Imagine a discourse between the arts in which the conventions of what we might call "ordinary" cognition do not apply, on a site of intense lobbying neither tethered by history or cultural integrity, nor, frequently, concerned with social cohesion or communicative norms. It will be a discourse in which the categories of an imperial culture are abrogated (however temporarily) by an "indigenous" one, yet it will undoubtedly also be a site of intense "colonization." On it, likewise, there will be an appropriation of language on an unprecedented scale. Past experience will play little part. Memory is short and episodic, rather than semantic. It is a primal discourse. Primal in that it is the site of first contact. Primal also in that it is most often considered to be the meeting of a primitive culture and an advanced. Primal, likewise, in a behavioral sense: in it, the satisfaction of physiological needs is tantamount. Indeed, body and mind here are in a state of kinetic unrest. This is a scene of prolonged immat urity, yet ontological and epistemological questions held in a private language are encouraged to be made public. Here the verbal arts have no canon. Literature has no prevailing cultural standard of merit. Questions of the popular and the high cultural are not naturalized and the fictional and nonfictional carry the same degree of verisimilitude as works of propaganda, rhetoric, and didacticism. In modem times, the West has become the site of this tenacious yet frequently unacknowledged imperial discourse, the discourse between multifarious forms of artistic representation to win the attention of children. It is in such a discourse that the picture book is located.

Arguing the need for a critical language for the discussion of children's picture books, Peter Hunt suggests that "to force pictures into the same mould as words seems to be potentially unproductive, except in terms of establishing conventions, when, of course, it is, by definition, necessary" (181). It is impossible, however, to conventionalize pictorial representation to the same degree as linguistic representation. Linguistic systems are mastered painstakingly, piece by piece, referent by referent, word by word. Pictorial systems, by contrast, are mastered all at once; they involve what Flint Schier has called "natural generativity" and are therefore much less conventional than linguistic systems. Each system, nevertheless, relies on general agreement and on a willingness to engage in communicative activity: the pictorial system on deep recognitional capacities that link object and its picture, the linguistic system on lexical and syntactical regularities and rules.

In the media-saturated culture of the contemporary West, the commonalities and differences of our separate but shared experiences are frequently offered up in a televisual or hypertextual format in which what Hunt describes as "force" is a set of discursive practices that address and interpellate both adults and children as potential viewers or listeners.
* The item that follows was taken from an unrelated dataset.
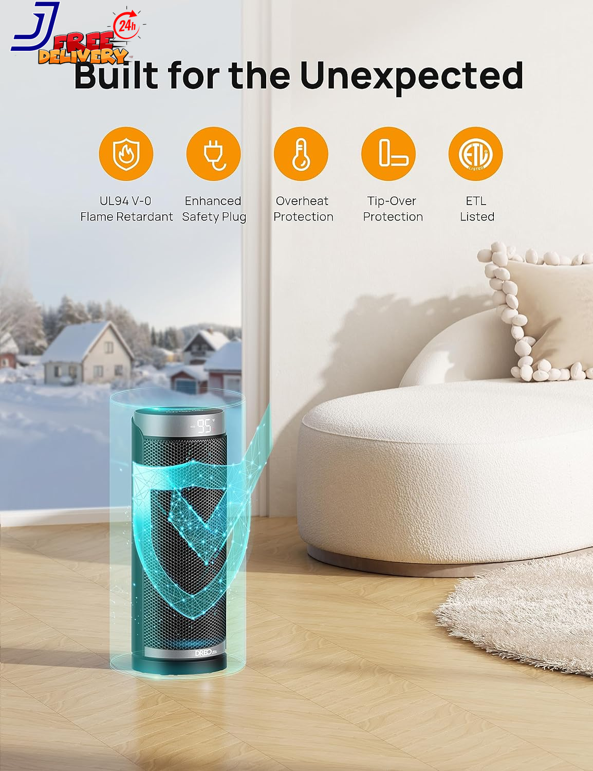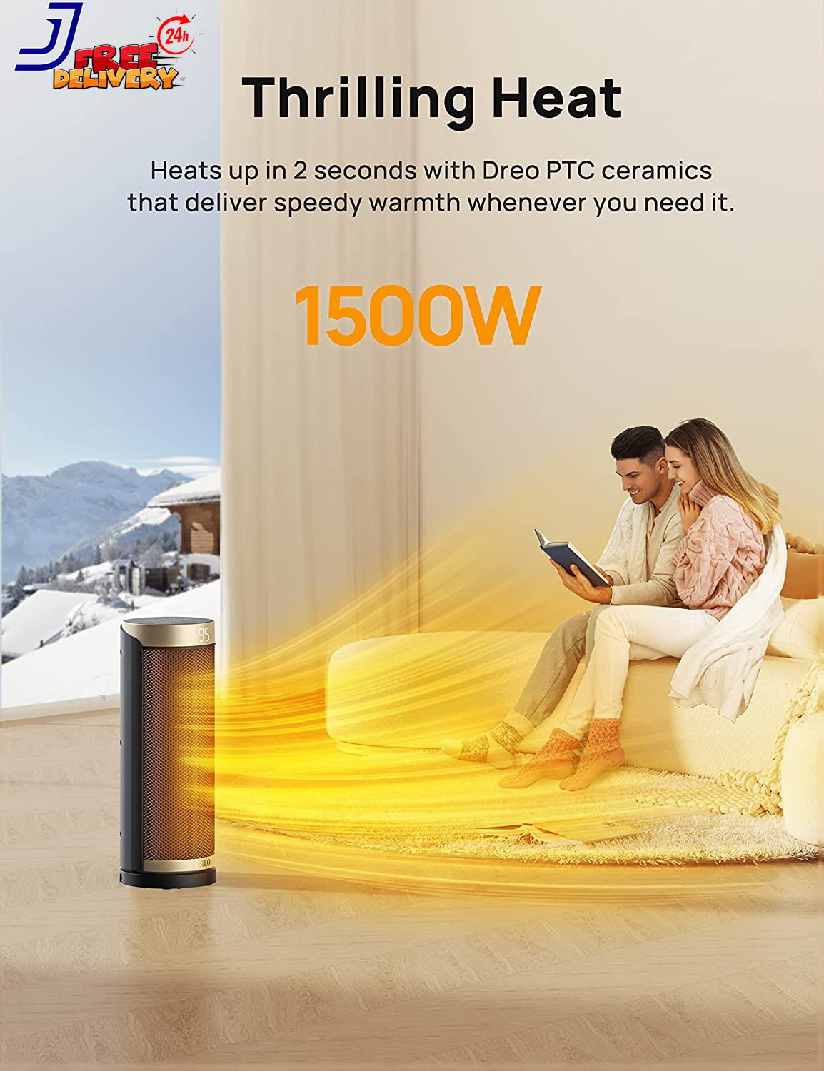 Fast Shipping On All Items 30 Days Money Guarantee Customer Support Excellent Service 100% Satisfaction Satisfaction Guaranteed Space Heater 1500W PTC Heaters for Indoor Use with Remote 70° Oscillation 1-12H Specification Item model number DR-HSH003 Country of Origin China Max Temperature Setting 95 Degrees Fahrenheit Min Temperature Setting 41 Degrees Fahrenheit Room Type Kitchen, Bedroom, Living Room, Home Office, Study Room Product Dimensions 5.9"D x 5.89"W x 15.79"H Burner type PTC Heating Coverage 200 sq.ft. Form Factor Tower Indoor/Outdoor Usage Indoor Number of Speeds 5 Item Weight 4.63 pounds Special Feature function(f) {var _np=(window.P._namespace("DetailPageProductOverviewTemplatesJava"));if(_np.guardFatal){_np.guardFatal(f)(_np);}else{f(_np);}}(function(P) { P.when('A').execute(function(A){ A.on('a:truncate:po-attribute-truncate-1:updated', function(data) { var isTruncated = !data.truncateInstance.getIfTextFits(); var seeMoreElement = document.getElementById('po-attribute-see-more-id-1'); if(seeMoreElement) { seeMoreElement.style.display = isTruncated ? '' : 'none'; } }) }); })); Adjustable Thermostat from 41 to 95°F, 70° Wide Oscillation, LED Digital Display, Remote Control with Batteries, Built-in Tip-Over Protection See more Amperage 12.5 Amps Mounting Type Floor Mount Color Black Power Source Corded Electric Heating Method Forced Air Cable Length 6 Feet Batteries 1 Lithium Metal batteries required. (included) Fuel Type Electric Voltage 120 Volts Recommended Uses For Product Office, Garage, Home Item Weight 463 Pounds Heat Output 1500 Watts Size 16 inch 5.89 "h x 5.9 "h x 15.79 "h. Weight: 1500.0 oz Item Description ETL-Certified Safety: Made of V0 flame-retardant materials with multiple safety features including built-in smart tip-over protection, overheat protection, 12-hour timer, 24-hour automatic power off without interaction, V0 flame retardant 2-prong plug, and sturdy 6ft long flat power cord. Safe and worry-free all-day use. Safety Reminder: Please do not use with an extension cord. Only plug directly into the wall outlet. Fast Indoor Ceramic Heater: Powerful 1500W PTC ceramic heating allows this space heater to heat up in seconds, suitable for warming up spaces in the home including bedrooms, basements, garages, living rooms, and can also be used in offices, dorms, hot yoga studios, etc. Heating Coverage:200 sq.ft. Quiet Heating: 40dB - almost as quiet as a library. The fan wheel uses oblique airflow technology, which effectively reduces wind noise and makes the room heater 12% quieter than traditional electric heaters. Calm airflow lets you sleep soundly and work undisturbed during the cold winter Uniform Heating: Experience enhanced comfort in large rooms with the exclusive trackball system, engineered for smooth and whisper-quiet oscillation. The 70° wide-angle oscillation, with a lifespan of over 750,000 cycles, boosts heating coverage by 20%, which helps distribute the warm air more evenly towards the room's corners Energy Efficiency: Save on energy bills and live more sustainably. With a built-in precise temperature sensor, the smart ECO mode adjusts the working mode independently (with a low of 900W and high of 1500W to efficiently maintain your desired indoor temperature) based on the ambient temperature Usage Comfort: The touchscreen is placed on top of the heater for easier reach, and the remote provides full access from up to 26 feet away. The 16-inch compact design makes our space heater a real space saver that is easy to move around with its hidden handle. Cord Lenth: 6 ft / 1.8 m Product Description The video showcases the product in use. The video guides you through product setup. The video compares multiple products. The video shows the product being unpacked. Heat Up Your Day Without Delay Powered by Dreo HeatLeap System A Peaceful Presence for Your Winter Multiple Safety Protection Tips Over? Not a Problem! Built-in tip-over protection automatically powers down if the heater tips over. Never Flames Made with special flame-retardant materials, as per strict UL94-V0 standard. Spark-proof even when under prolonged exposure to flame or heat. Never Too Hot Overheat protection shuts the heater off when reaching the overheat limit, so you’ll never worry about it getting too hot. Always Secure Reinforced safety plug with unbendable blades. Keep your space safe all year round without short circuits, bent plug and other risks. Dreo Portable Space Heater Family Add to Cart Add to Cart Add to Cart Add to Cart Add to Cart Add to Cart Add to Cart Customer Reviews 4.5 out of 5 stars 11,235 4.6 out of 5 stars 10,136 4.6 out of 5 stars 1,374 4.4 out of 5 stars 9,540 4.3 out of 5 stars 539 4.2 out of 5 stars 1,714 4.4 out of 5 stars 887 Price $74.99 $ 74 . 99 $35.99 $ 35 . 99 $59.99 $ 59 . 99 $89.99 $ 89 . 99 $129.99 $ 129 . 99 $99.99 $ 99 . 99 $99.99 $ 99 . 99 Height 16" 10" 16" 25" 30" 26" 16" Mode Options H1/H2/H3/ECO/Fan H1/H2/H3/ECO/Fan H1/H2/H3/ECO/Fan H1/H2/H3/ECO/Fan H1/H2/H3/H4/H5/ECO/F1/F2/F3 H1/H2/H3/ECO H1/H2/H3/ECO/Fan Adjustable Thermostat 41-95 °F (In 1°F Increments) 41-95 °F (In 1°F Increments) 41-95 °F (In 1°F Increments) 41-95 °F (In 1°F Increments) 41-95 °F (In 1°F Increments) 41-95 °F (In 1°F Increments) 41-95 °F (In 1°F Increments) Oscillation 70° — 70° 70° 30°-60°-90°-120° 360° Three-dimensional Heating 30° manual oscillation Sound Level 34 dB 34 dB 34 dB 37.5 dB 25 dB No noise 28dB Built-in Timer 1-12 H 1-12 H 1-12 H 1-12 H 1-12 H 1-24 H 1-24 H Remote Control ✔ ✔ ✔ ✔ ✔ ✔ ✔ ETL-Listed ✔ ✔ ✔ ✔ ✔ ✔ ✔ Power 700-1500 Watts 1000-1500 Watts 1000-1500 Watts 900-1500 Watts 300-1500 Watts 600-1500 Watts 900-1500 Watts About us We offer the best prices around on high quality products. Our E-store includes media such as books, movies, music and games while offering electronics, toys, sporting apparel, clothing, tools, general home, garden items and more. Shipping We are always working hard to en

The linguistic and the pictorial are frequently experienced as synergistic or polylogic systems bound up in this mass media, a media whose intention, according to Jean Baudrillard, is to transcribe the complexity of contemporary life into an ongoing procession of meaningless simulacra, a hyperreal, "a real without origin or reality" (2).

Baudrillard's disenchanted vision of postmodernity, articulated most profoundly in the late 1970s and 1980s, produced an interesting ontological metaphor. "Disneyland," he claimed, "is there to conceal the fact that it is the 'real' country, all of 'real' America, which is Disneyland (just as prisons are there to conceal the fact that it is the social, in its entirety, in its banal omnipresence, which is carceral). Disneyland is presented as imaginary in order to make us believe that the rest is real, when in fact all of Los Angeles and the America surrounding it are no longer real, but of the order of the hyperreal and of simulation" (25). As Baudrillard's dystopic metaphor of America was offered up, somewhat questionably, as a metaphor appropriate for the entire West, it is worthwhile noting its prime rhetorical flaw. Simply, that Disneyland's aesthetic, its communicative philosophy, has a very specific cultural origin. It is constructed, not as Baudrillard intimates, in adulthood; rather, it is constructed within the realms of childhood.

Childhood is a construct of modernity. As Phillipe Aries argues, [...] the new sciences such as psycho-analysis, paediatrics and psychology devote themselves to the problems of childhood, and their findings are transmitted to parents by way of a mass of popular literature. Our world is obsessed by the physical, moral and sexual problems of childhood. [...] The preoccupation was unknown to medieval civilization, because there was no problem for the Middle Ages: as soon as he had been weaned, or soon after, the child became the natural companion of the adult.